To test these functions, I wrote a benchmark. The benchmark uses random inputs, or sequential inputs (0,1,…), and it ends up being very relevant. I use GCC 12 and an Ice Lake (Intel) linux server running at 3.2 GHz. I report the number of millions of numbers parsed by second.

  random numbers sequential numbers
std::from_chars 145 M/s 255 M/s
naive 210 M/s 365 M/s
SWAR 425 M/s 425 M/s

So the SWAR approach is twice as fast as the naive approach when the inputs are unpredictable. Otherwise, for predictable inputs, we surpass the naive approach by about 15%. Whether it is helpful in you use case depends on your data so you should run your own benchmarks.

Importantly, the SWAR approach is entirely equivalent to the naive approach, except for the fact that it always reads 4 bytes irrespective of the length.

The from_chars results are disappointing all around.
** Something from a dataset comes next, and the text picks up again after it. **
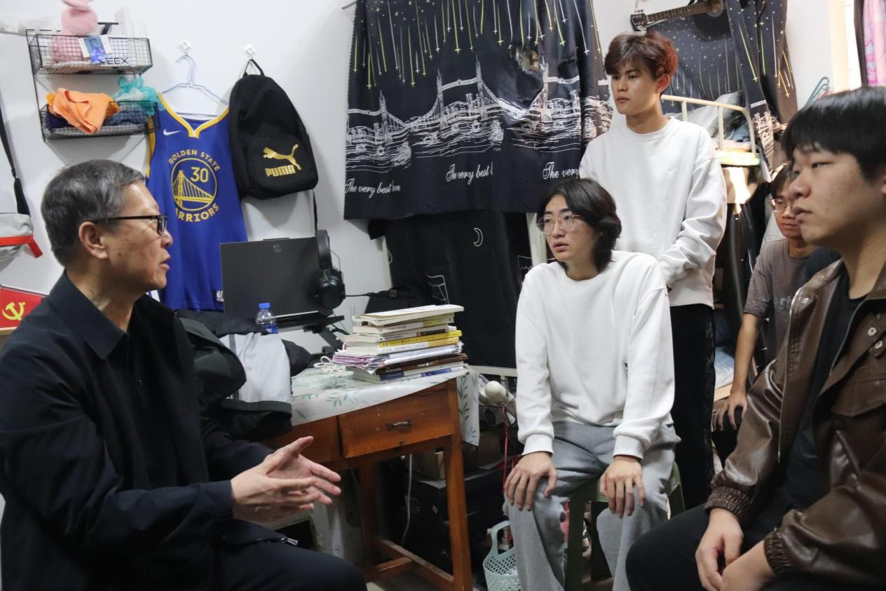 交谈中,杨建林认真听取了同学们对学校教育教学、校园生活、宿舍管理等方面的意见和建议,表示学校会尽力为大家提供更好的学习和生活环境,希望大家共同营造一个和谐、积极向上的宿舍氛围。

I am puzzled as to why the naive approach is so much faster than the standard library. It solves a slightly different problem but the difference is still quite large. It could be that there is room for optimization in the standard library (GCC 12).

Can you do better? The benchmark is available. As part of the benchmark, we check exhaustively that the validation is correct.

Credit: I am grateful to Jeroen Koekkoek from NLnet Labs for suggesting this problem. The approach described was improved based on proposals by Jean-Marc Bourguet.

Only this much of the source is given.